Thalia of Tetanus Burger, for whom I hold more admiration for her courage and raw honesty than I can ever express in words, agreed to this e-interview in hopes of shedding a little more light on this issue.  To help those children and teenagers who are even now living with a hoarding parent, and wondering if something is wrong with them.


7) You and your sister share writing and photography duties on the blog. Have there been times when the hoard (or the blog) has strained the relationship between you, or has it made you closer than perhaps you might have been otherwise?

The blog does not strain our relationship because I am very careful about what I write on it. 

Rusty Jones makes an appearance on Tetanus Burger
whenever an old car is towed away.
8) On a lighter note, tell me about your jones for Rusty Jones, your red-headed, handle-bar mustached cutey mascot.

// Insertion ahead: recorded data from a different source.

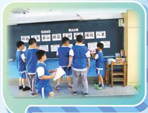
藝巧饗美食 - 來去家鄉吃美食

除了祝福孩子們兒童節快樂外，「寓教於樂」老師們也期盼藉由此次不同於紙筆測驗的活動方式，讓孩子們更熟悉平日各領域所學的知識與技能，並透過實際的操作與演練，瞭解如何以健康、安全的方式參與活動及防災教育。此外，更希望能藉此訓練孩子們的手眼協調與肌耐力，並從中培養孩子們良好的學習態度，並且快樂學習！
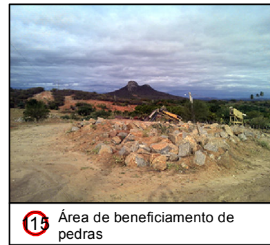
15 Área de beneficiamento de pedras
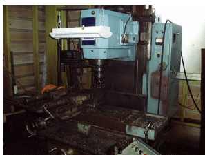
フライス 950 X 400 X 400まで加工可能
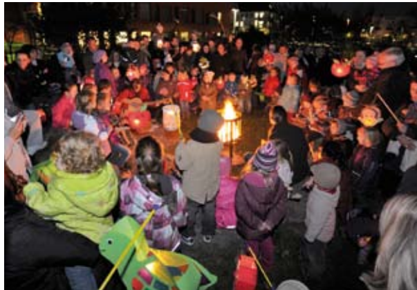
Laternenfest am 9.11.2011 mit Besuch im Seniorenzentrum
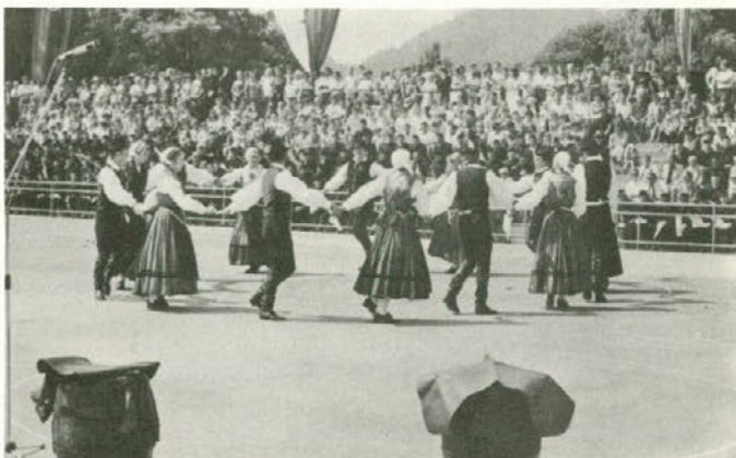
tudi z nastopom šaleške folklorne skupine "Koleda".
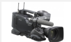
PDW-F800 Videocámara XDCAM HD422 con tres sensores CCD Power HAD FX de 2/3 pulgadas de alta gama y grabación en Full HD / SD
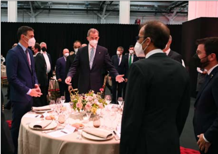
بيدرو سانشيز والملك فيليب السادس وبيير أراغون في حفل عشاء في المؤتمر العالمي للحوار في برشلونة

إن الذين يعارضون إجراءات العفو هم أقلية، يلاحظ أوريول بارتوموس، لكنني أعتقد أنهم يحاولون الحد من هامش المناورة للمتخفين على التفاوض، من خلال التأكيد على أنه إذا تحدثت الجنراليات مع الحكومة المركزية، فسيكونون خونة. أما على الجانب الآخر، سيحاول اليمين واليمين المتطرف منع السلطة التنفيذية الوطنية من المناقشة مع الحكومة الكتالونية، بإفهامها أنه إذا فعلت ذلك، ستسخر الانتخابات... الآن سترى ما إذا كان الذين يريدون التفاوض سيجرؤون على خوضه.
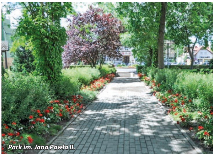
Park im. Jana Pawła II.

Estetycznym i niewątpliwie atrakcyjnym miejscem w cen-
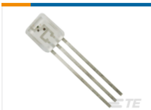
TE 产品编号11032254-00 光电发射器组件
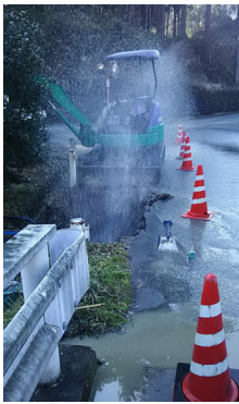
漏水復旧作業現場

答 令和5年度決算時における1立方メートル当たり155.5円の給水原価は410.1円を大きく下回っており、そのバランスは非常に悪い状態にあります。現状の施設能力としては、1日あたり1327立方メートルの水が配水でき、これは令和5年度の1日平均配水量の実績836立方メートルに対し1.587倍の余力がある状態にあると言えます。
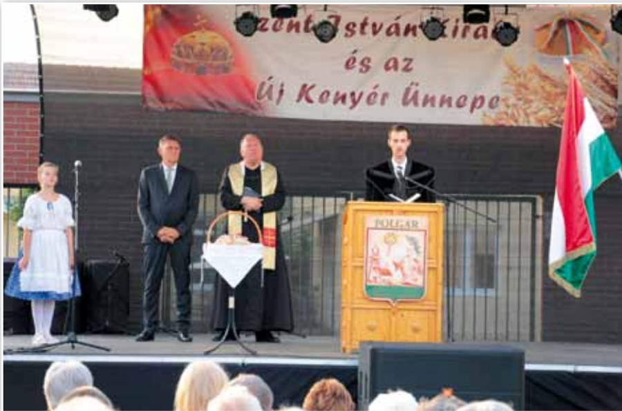
Szent István király és az Új kenyér ünnepe
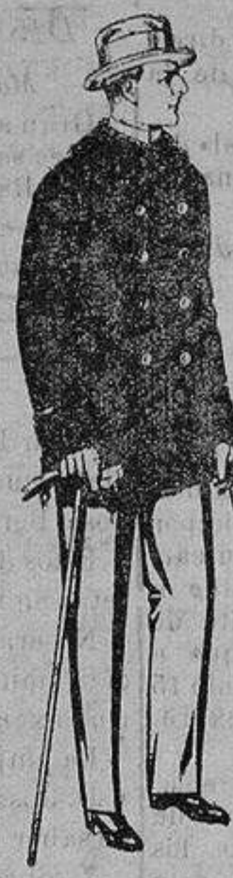
Pellizas de ratina con cuello del mismo género y con astrakan De ptas. 16 a 90

How was he “born,” and if you ever saw him walking towards you in the flesh, would you flee in terror, or run up and embrace him?

He came about because as a child of the seventies I got his jingle in my head one day as we were junking a car and I thought it would be perfectly ridiculous to have him as a mascot.  Besides the fact that he is a cartoon, he is not, actually, my type.  Perhaps he is the Brawny paper towel guy's type?

9) Tetanus Burger the blog started in June 2010, and I’ve been following almost from the beginning. Refresh me: when did the actual clean-up start? At the current rate of cleanup, health and weather permitting, when do you think you’ll truly be done?

It started actually when I moved back in the summer of 2001; I don't recall what I did, except come back from living on my own out in the sane world where I learned something about what normal looked like.  But I have been told by Tara that my moving back was definitely an impetus to get things going.  My father was still there then and somehow my sister managed to convince him to start getting rid of stuff.  I don't know how; maybe he finally realized he was retiring and so didn't need to keep all these cars.  Honestly, I don't know; logic had never made a dent before so why should it have then?  It went well for a while there, but then Tara got busy and stopped helping.

After my father went in the nursing home, despite the fact that he was no longer there, it all just kind of sat for a few years, until I finally realized that we were free to clean the yard.  Yes, it took a couple of years to realize that.  So there's been a new push since last year, which is when I started to blog to help keep things rolling and to garner encouragement because frankly I just don't get that from this family.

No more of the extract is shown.